What you output must match the entries exactly, apart from the pictures, which are left out.
* * * * * * * * *
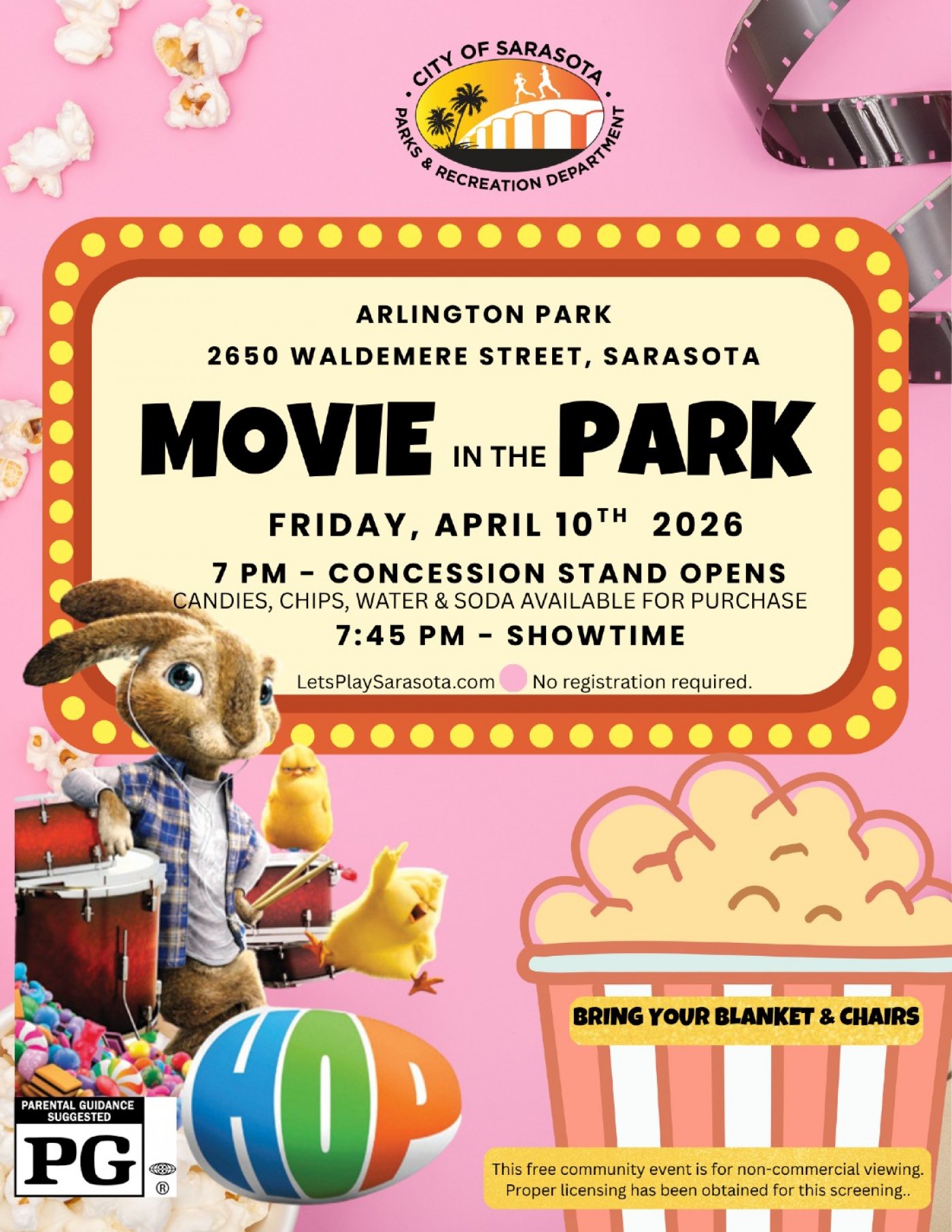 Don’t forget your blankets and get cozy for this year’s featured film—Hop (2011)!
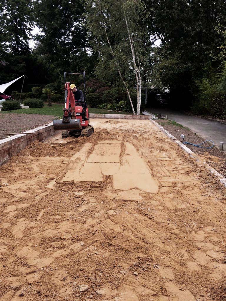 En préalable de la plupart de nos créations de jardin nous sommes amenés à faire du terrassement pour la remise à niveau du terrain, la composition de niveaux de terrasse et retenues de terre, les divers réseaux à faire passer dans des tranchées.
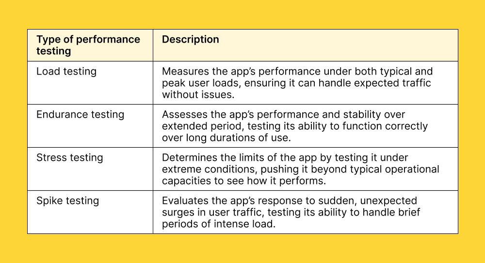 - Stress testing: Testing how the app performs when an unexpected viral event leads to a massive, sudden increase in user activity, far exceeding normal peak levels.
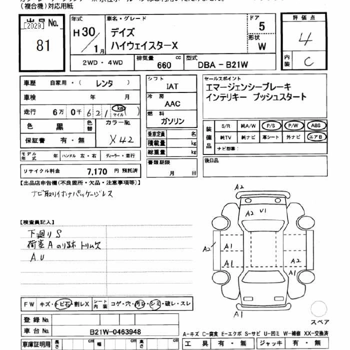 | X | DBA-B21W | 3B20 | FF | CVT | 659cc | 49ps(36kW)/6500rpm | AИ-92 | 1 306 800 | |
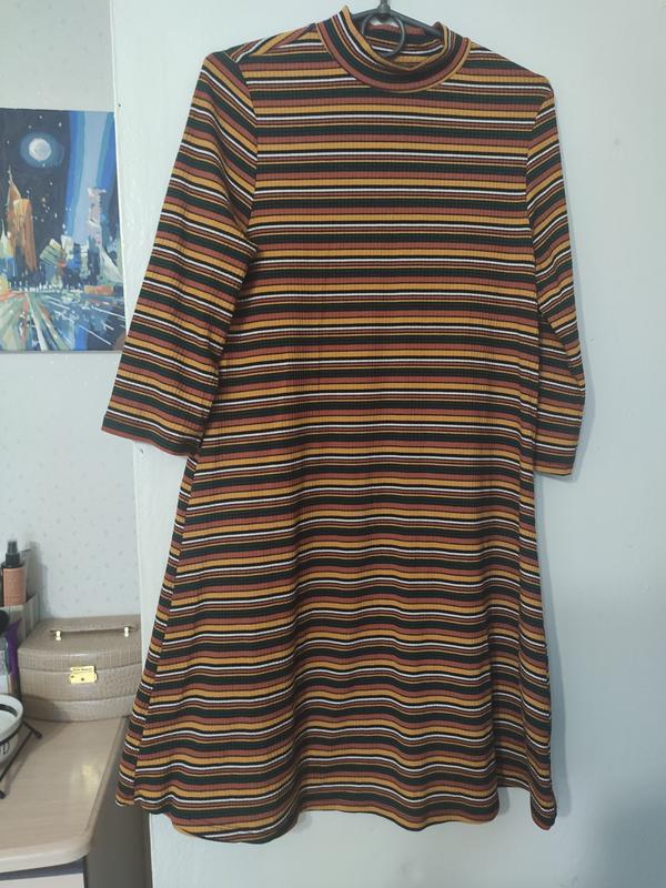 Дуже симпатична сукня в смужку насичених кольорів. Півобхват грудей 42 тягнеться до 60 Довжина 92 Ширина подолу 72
* * * * * * * * *
§ **OUTPUT**
 Don’t forget your blankets and get cozy for this year’s featured film—Hop (2011)!
 En préalable de la plupart de nos créations de jardin nous sommes amenés à faire du terrassement pour la remise à niveau du terrain, la composition de niveaux de terrasse et retenues de terre, les divers réseaux à faire passer dans des tranchées.
 - Stress testing: Testing how the app performs when an unexpected viral event leads to a massive, sudden increase in user activity, far exceeding normal peak levels.
 | X | DBA-B21W | 3B20 | FF | CVT | 659cc | 49ps(36kW)/6500rpm | AИ-92 | 1 306 800 | |
 Дуже симпатична сукня в смужку насичених кольорів. Півобхват грудей 42 тягнеться до 60 Довжина 92 Ширина подолу 72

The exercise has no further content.